If nothing else, agree to how frequently you will meet or speak. “It could be quarterly or it could be weekly,” says Dr. Howell. “Face time is important, but e-mail and phone calls will work, too, as long as you’ve established some ground rules about this. If the mentee expects a face-to-face meeting and you’re e-mailing your answers, that could be a problem. So you need to establish how you’re going to communicate.”
Those meetings can add up to a sizeable commitment. How much time, exactly, should a new mentor expect to devote to this aspect of leadership? “It varies widely,” Dr. Howell admits. “But I will say that many younger mentees require much more time than older mentors expect. If they’re struggling or haven’t found their stride yet, it can require several hours a week, which is a lot for a busy person’s schedule. But many relationships can be handled weekly or monthly.”
Dr. Faro, who has mentored many hospitalists within her organization, says, “You need to build the relationship; you need enough contact time so that you can understand each other.” For her, that amounts to 40 to 50 hours of getting-to-know-you time, she says. “After that, maybe an hour a week.”
Dr. Faro tailors her guidance to the personality, capabilities, and level of independence of each person she mentors—hence her lengthy initial time frame.
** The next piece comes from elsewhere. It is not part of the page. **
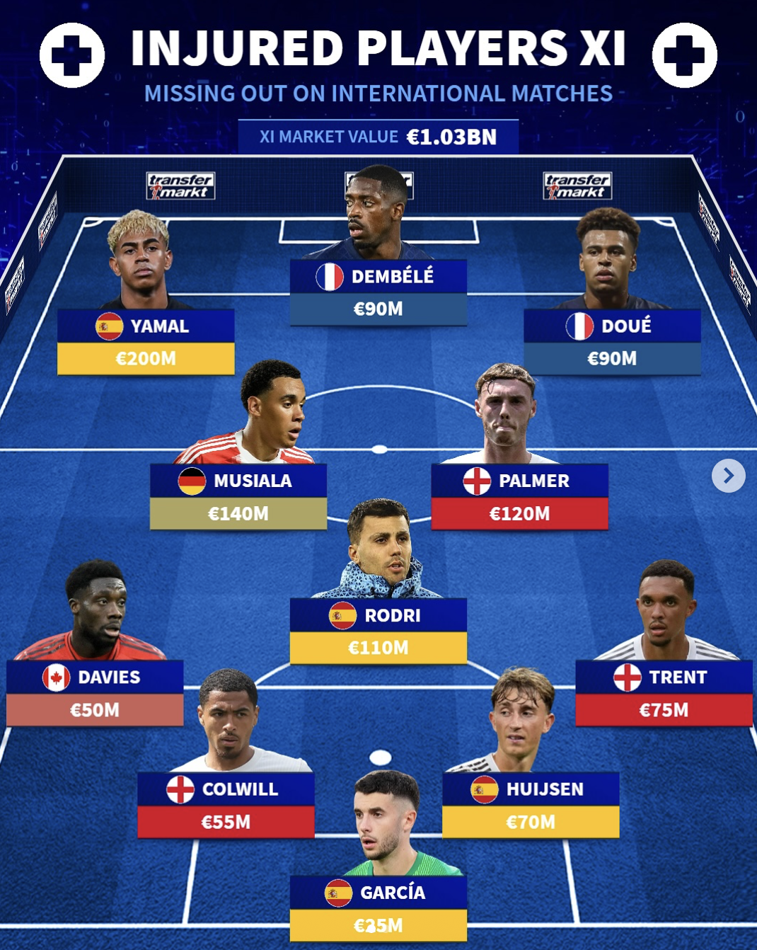 虎撲10月09日訊 德轉公布了因傷病錯過(guò)本次國家隊比賽日身價(jià)最高的十一人。西班牙的板因本次亞馬爾以2億歐身價(jià)領(lǐng)銜陣容:
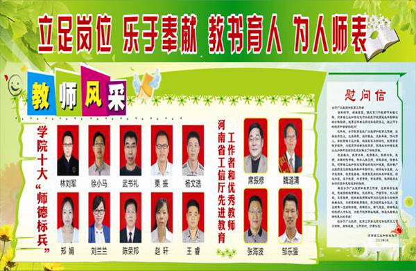 新学年,新气象,在庆祝伟大的祖国成立65周年华诞之际,全院师生坚定信念,牢记使命,深入践行社会主义核心价值观,围绕学院中心工作,继续发扬“特别能吃苦、特别能战斗、特别能奉献、特别能担当”的学院精神,改革创新,开拓进取,努力推动学院各项工作取得新突破,迈向新水平。各处室、各党支部按照要求,在宣传形式和内容上不断创新,展现了全院师生员工昂扬向上的精神风貌。

“You need to start with setting up a clear set of goals and outcomes,” she says. “They really need to know what they’re doing and why they’re doing it. So, set up a plan with specific time frames. It’s your job to determine how independent they are; you may end up giving them goals rather than them stating what they’re going to do.”
—Joan C. Faro, MD, FACP, MBA, chief medical officer, John T. Mather Memorial Hospital, Port Jefferson, N.Y.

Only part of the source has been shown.